• YOUR TASK
Once you find the line with "С 1 по 4 ноября" in the entries below, print it and each line after it up to and including the line with "- DK6帖、洋室6帖、洋室6帖、洋室6帖、和室6帖", exactly, without pictures.

(Stored items)
::::::::
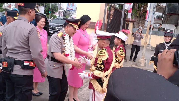 Diawali dengan penyambutan oleh Wakapolda Sulut Brigjen Bahagia Sachi pengalungan dan pemberian bunga oleh Polisi Cilik, jajar hormat, penjemputan oleh Tarian Kabasaran oleh anggota Polri.
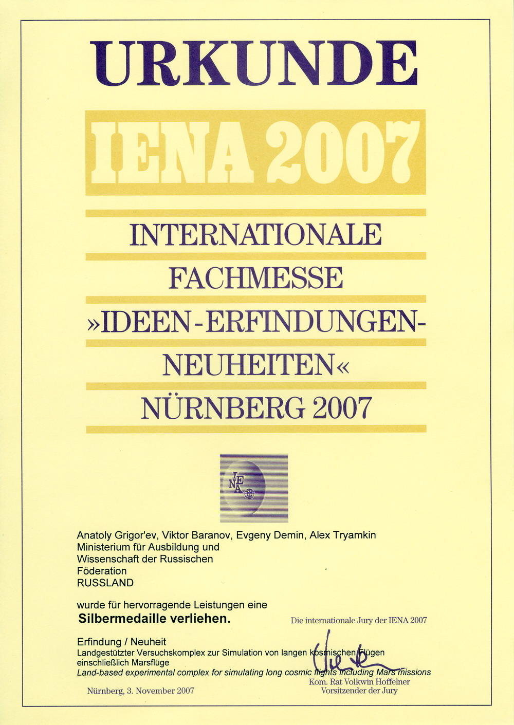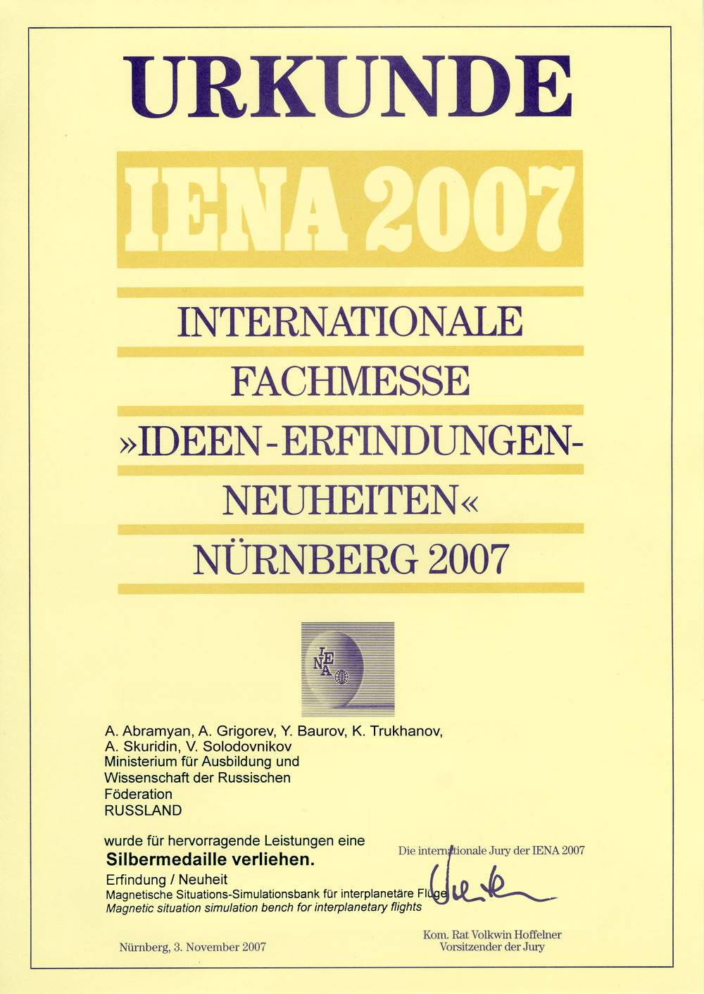 С 1 по 4 ноября 2007 года Институт принимал участие в 59-й Международной выставке "Идеи - изобретения - инновации" ("IENA-2007"), проводившейся в г. Нюрнберге, Германия.
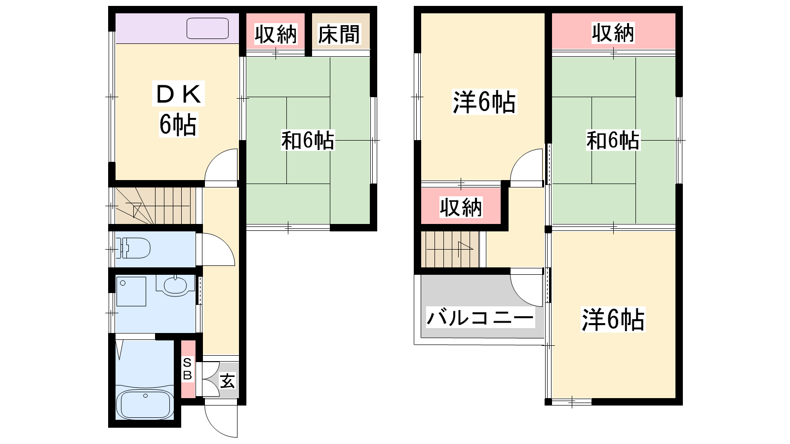 - DK6帖、洋室6帖、洋室6帖、洋室6帖、和室6帖
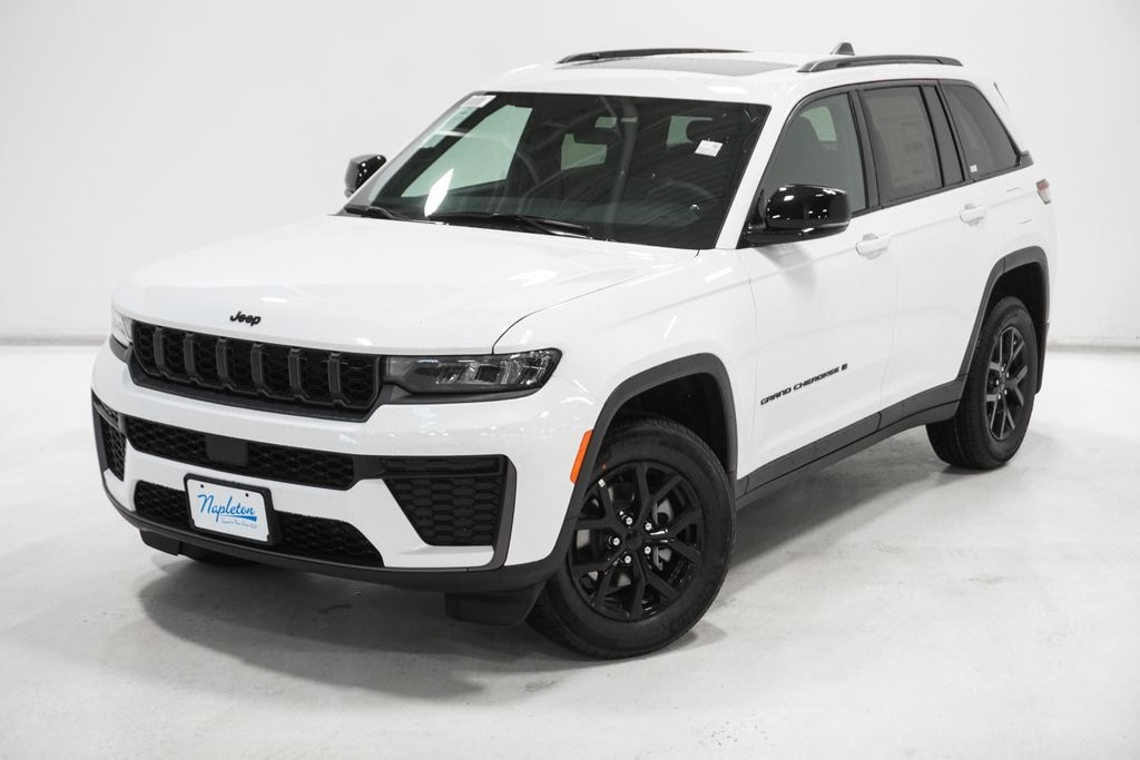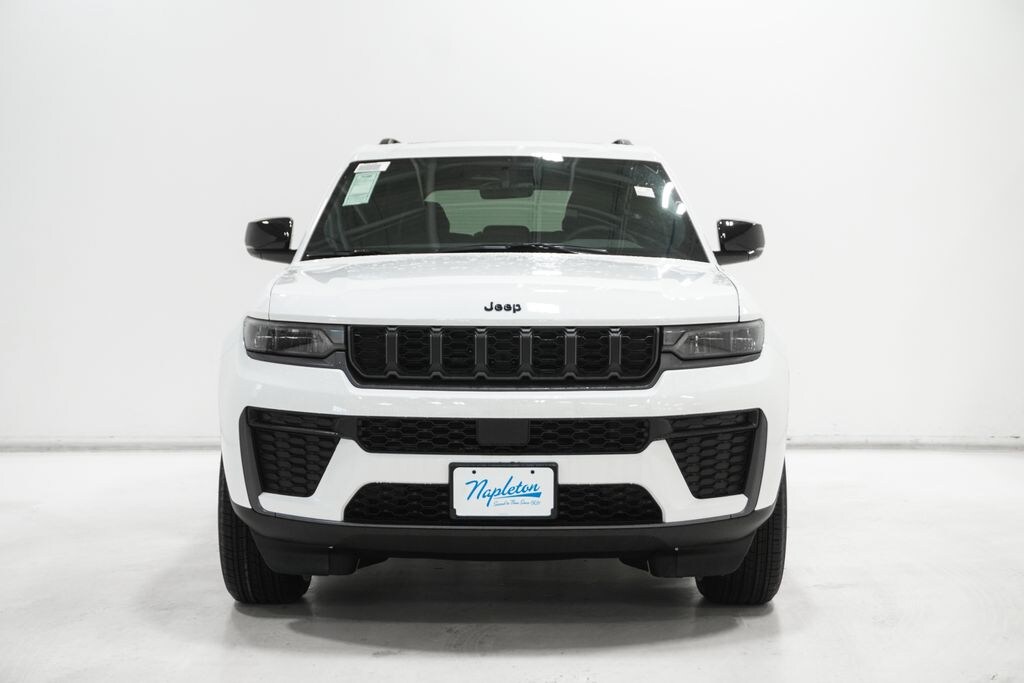 This Grand Cherokee is well equipped with Laredo Altitude Appearance Package, MOPAR Finishing Package (MOPAR Front Splash Guards, MOPAR Paint Protection Film, and MOPAR Rear Splash Guards with Jeep Logo), Quick Order Package 2BB Laredo Altitude (115V Auxiliary Power Outlet, 12.3" Touchscreen Display, 240 Amp Alternator, 4G LTE Wi-Fi Hot Spot, Active Driving Assist System, Active Noise Control System, an-Teak/Satin Chrome Interior Accents, Apple CarPlay, Black Headliner, Body Color Door Handles (B), Capri Leatherette/Suede Seats, Connected Travel and Traffic Services, Connectivity - US/Canada, Delete Laredo Badge, Disassociated Touchscreen Display, Dual Exhaust Tips, Exterior Accents Dark Neutral Metallic, For Details, Visit DriveUconnect.com, Front Fascia Upper A, Global Telematics Box Module (TBM), Google Android Auto, GPS Antenna Input, GPS Navigation, HD Radio, Heated Front Seats, Heated Steering Wheel, Heavy-Duty Engine Cooling, Integrated Center Stack Radio, Integrated Voice Command with Bluetooth, Intersection Collision Assist System, Power Liftgate, Radio: Uconnect 5 Nav with 12.3" Display, Rain Sensitive Windshield Wipers, Rear Fascia Upper A, Remote Start System, Secondary Active Grille Shutters, Selec-Terrain System, Selectable Tire Fill Alert, SiriusXM with 360L, Traffic Sign Recognition, USB Host Flip, Wheels: 18" x 8.0" Fully Painted Aluminum 1, and Wireless Charging Pad), 4WD, 4-Wheel Disc Brakes, 6 Speakers, ABS brakes, Air Conditioning, Alloy wheels, AM/FM radio: SiriusXM, Anti-whiplash front head restraints, AppLink/Apple CarPlay and Android Auto, Automatic temperature control, Auxiliary Battery, Brake assist, Bumpers: body-color, Cloth Seats, Compass, Delay-off headlights, Driver door bin, Driver vanity mirror, Dual front impact airbags, Dual front side impact airbags, Electronic Stability Control, Emergency communication system, Four wheel independent suspension, Front anti-roll bar, Front Bucket Seats, Front Center Armrest w/Storage, Front dual zone A/C, Front License Plate Bracket, Front reading lights, Fully automatic headlights, Gloss Black Exterior Mirrors, Heated door mirrors, Heated Exterior Mirrors, Illuminated entry, Knee airbag, Low tire pressure warning, Manual Folding Exterior Mirrors, Normal Duty Suspension, Occupant sensing airbag, Outside temperature display, Overhead airbag, Overhead console, Panic alarm, ParkView Rear Back-Up Camera, Passenger door bin, Passenger vanity mirror, Power door mirrors, Power driver seat, Power steering, Power Sunroof, Power windows, Radio data system, Radio: Uconnect 5 with 8.4" Display, Rear anti-roll bar, Rear reading lights, Rear window defroster, Rear window wiper, Remote keyless entry, Security system, Speed control, Speed-Sensitive Wipers, Split folding rear seat, Spoiler, Steering wheel mounted audio controls, Tachometer, Telescoping steering wheel, Tilt steering wheel, Traction control, Trip computer, Variably intermittent wipers, Voltmeter, and Wheels: 18" x 8.0" Fully Painted Aluminum.
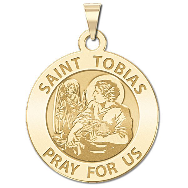 All Religious Medals are Customizable. We can change the spelling, your language, names etc, ex: change "Pray for Us" to "Pray For Me". Just let us know in "special instructions"Saint Tobias was particularly noted for his diligence in attempting to provide proper burials for fallen Israelites who had been slain by Sennacherib, for which the king seized all his property and exiled him. After Sennacherib's death, he was allowed to return to Nineveh, but again buried a dead man who had been murdered on the street. That night, he slept in the open and was blinded by bird droppings that fell in his eyes. This put a strain on his marriage, and ultimately, he prayed for death. Meanwhile, in faraway Media, a young woman named Sarah prays for death in despair. She has lost seven husbands to the demon of lust, Asmodeus, who abducts and kills every man she marries on their wedding night before the marriage can be consummated. God sends the angel Raphael, disguised as a human, to heal Tobit and to free Sarah from the demon. The main narrative is dedicated to Tobit's son, Tobiah or Tobiyah (Greek: /Tobias), who is sent by his father to collect a sum of money that the latter had deposited some time previously in the far off land of Media. Raphael represents himself as Tobit's kinsman Azariah, and offers to aid and protect Tobias on his journey. Under the guidance of Raphael, Tobias makes the journey to Media, accompanied by his dog.
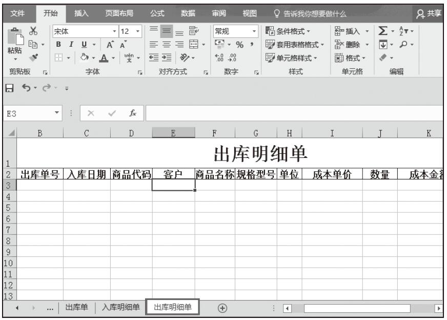 步骤01:打开“进销存管理.xlsx”工作簿,复制“入库明细单”工作表,将复制后的工作表重命名为“出库明细单”,并将其移到工作表的最后位置。然后将该工作表中的“入库”更改为“出库”,将“供应商”更改为“客户”,并删除“客户”列中的公式。接着将表中的两条入库记录删除,只删除不含有公式的单元格的内容,其余内容和单元格中的公式保持不变,效果如图5-88所示。
::::::::
• REPLY TO THE TASK
 С 1 по 4 ноября 2007 года Институт принимал участие в 59-й Международной выставке "Идеи - изобретения - инновации" ("IENA-2007"), проводившейся в г. Нюрнберге, Германия.
 - DK6帖、洋室6帖、洋室6帖、洋室6帖、和室6帖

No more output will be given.